Podczas spotkania branża chemiczna jednogłośnie wskazała na szereg wyzwań, z którymi obecnie się mierzy. Uczestnicy podkreślali dynamiczne przemiany rynkowe i geopolityczne, które stawiają przed nimi złożone problemy. Z jednej strony, można zaobserwować zmiany w podejściu do transformacji energetycznej wśród kluczowych graczy, którzy wycofują się z wcześniejszych ambitnych planów redukcji wydobycia paliw kopalnych, stawiając na intensyfikację inwestycji w ropę i gaz, co rodzi niepewność co do tempa transformacji energetycznej i dostępności paliw przejściowych, takich jak gaz ziemny, który dla przemysłu chemicznego pełni kluczową rolę jako surowiec i nośnik energii. Dodatkowo uczestnicy wyrazili zaniepokojenie niestabilnością cen gazu ziemnego oraz brakiem wsparcia regulacyjnego, co utrudnia planowanie i inwestycje. Z drugiej strony, europejski przemysł chemiczny doświadcza rosnących kosztów produkcji oraz coraz bardziej rygorystycznych regulacji, co w zestawieniu z intensywną i często nieuczciwą konkurencją ze strony producentów spoza Wspólnoty, w tym zalewem taniej importowanej chemii, stawia pod znakiem zapytania jego konkurencyjność. Szczególnie dotkliwy jest problem dumpingowych cen i nadprodukcji w Chinach, jak również rekordowy wzrost importu nawozów z Rosji i Białorusi, co zaburza równowagę rynkową. W konsekwencji, istnieje realne ryzyko, że produkcja chemiczna w Europie stanie się nieopłacalna, prowadząc do ucieczki przemysłu i zwiększonego polegania na imporcie.
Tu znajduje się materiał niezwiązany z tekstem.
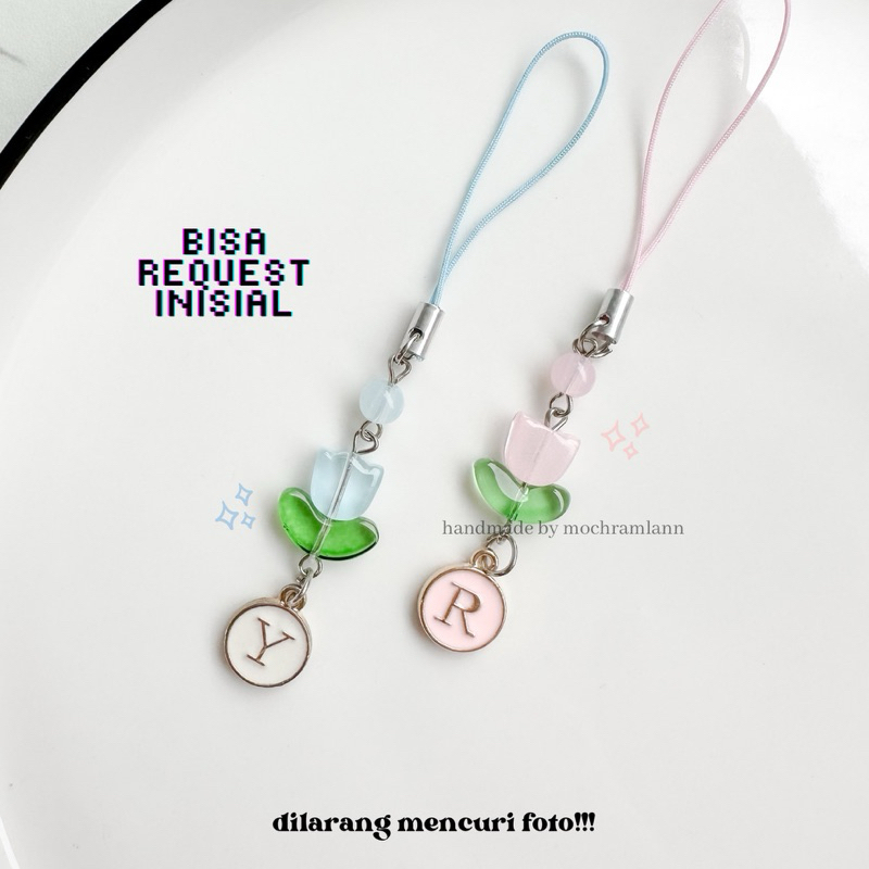 Strap Hp Cute Flower Tulips Pink & Inisial / Strap Liontin Cute Best Seller / Tali Gantungan Hp Flashdisk Dll Aesthetic

11chemiczne-otwarcie-roku-2025-fot-piotr-dlugolecki-dla

Eksperci zwrócili również uwagę na silną presję regulacyjną, która wpływa na branżę. Przykładem może być Dyrektywa RED III, która nakłada ambitne cele dotyczące wykorzystania paliw RFNBO w produkcji wodoru, co przy braku odpowiednich mechanizmów wsparcia może generować dodatkowe wyzwania. W odpowiedzi na te złożone uwarunkowania rynkowe i sygnały ze strony przemysłu, Komisja Europejska zaproponowała rozwiązania zarówno w ramach Clean Industrial Deal, jak i przedstawiła pierwsze w ramach serii Omnibus oraz zapowiedziała na koniec roku specjalny Pakiet dla przemysłu chemicznego.